=== Begin Enclosure ===

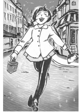
イラスト：織田博子

旅は人を丸裸にする。自分そのものに戻った時、あながい人がやることは「ご飯を食べ、人と話し、寝る」だったりする。私もウズベキスタンのバザールですいかを買い、シベリア鉄道でミルクティーをすすりながら同乗者と話し、バングラデシュの田舎の蚊帳の中で眠った。そのなんでもないことが、一つ一つ心に残る宝物になっている。そしてその宝物は、旅を終えた後も、自分の人生をキラキラと輝かせてくれる。
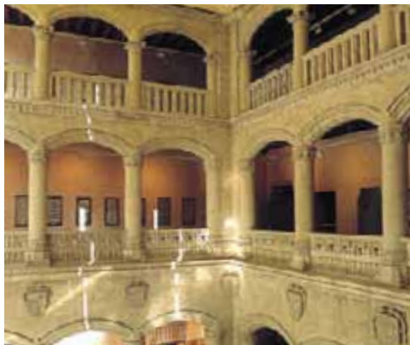
Palacio de Bendaña. (Vitoria-Gasteiz)
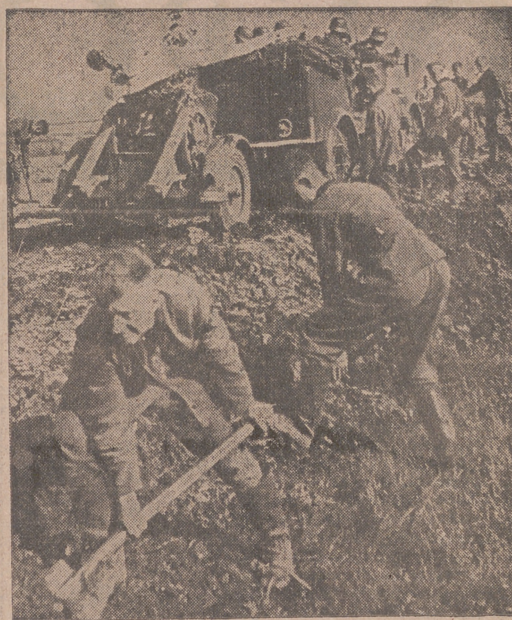
Soldados alemanes haciendo hueco en el suelo para emplazar una pieza antitanque.
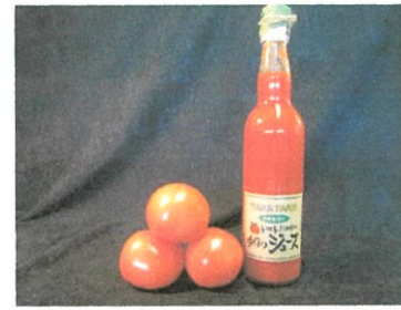
FARMKEI トマトジュース ¥1,300 (¥1,404税込)
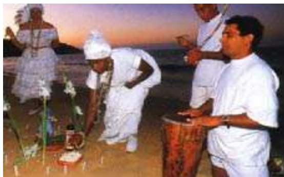
Figura V: macumba.

Como se ha comprobado, la influencia de la música africana es innegable, siendo también el origen también el origen de rituales afro-brasileños: Macumba, Candomble y Congadas.
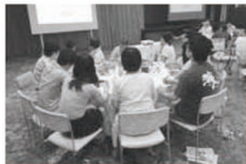
▲真剣に学ぶ医学生

八月七日、九月一日、愛媛県奥道後温泉「茗湯の守」にて「民医連の医療と研修を考える医学生」

=== End Enclosure ===

**ASSIGNED TASK**
Go through the records and repeat each one exactly, skipping anything that is a picture.

**EXERCISE RESULT**
イラスト：織田博子

旅は人を丸裸にする。自分そのものに戻った時、あながい人がやることは「ご飯を食べ、人と話し、寝る」だったりする。私もウズベキスタンのバザールですいかを買い、シベリア鉄道でミルクティーをすすりながら同乗者と話し、バングラデシュの田舎の蚊帳の中で眠った。そのなんでもないことが、一つ一つ心に残る宝物になっている。そしてその宝物は、旅を終えた後も、自分の人生をキラキラと輝かせてくれる。
Palacio de Bendaña. (Vitoria-Gasteiz)
Soldados alemanes haciendo hueco en el suelo para emplazar una pieza antitanque.
FARMKEI トマトジュース ¥1,300 (¥1,404税込)
Figura V: macumba.

Como se ha comprobado, la influencia de la música africana es innegable, siendo también el origen también el origen de rituales afro-brasileños: Macumba, Candomble y Congadas.
▲真剣に学ぶ医学生

八月七日、九月一日、愛媛県奥道後温泉「茗湯の守」にて「民医連の医療と研修を考える医学生」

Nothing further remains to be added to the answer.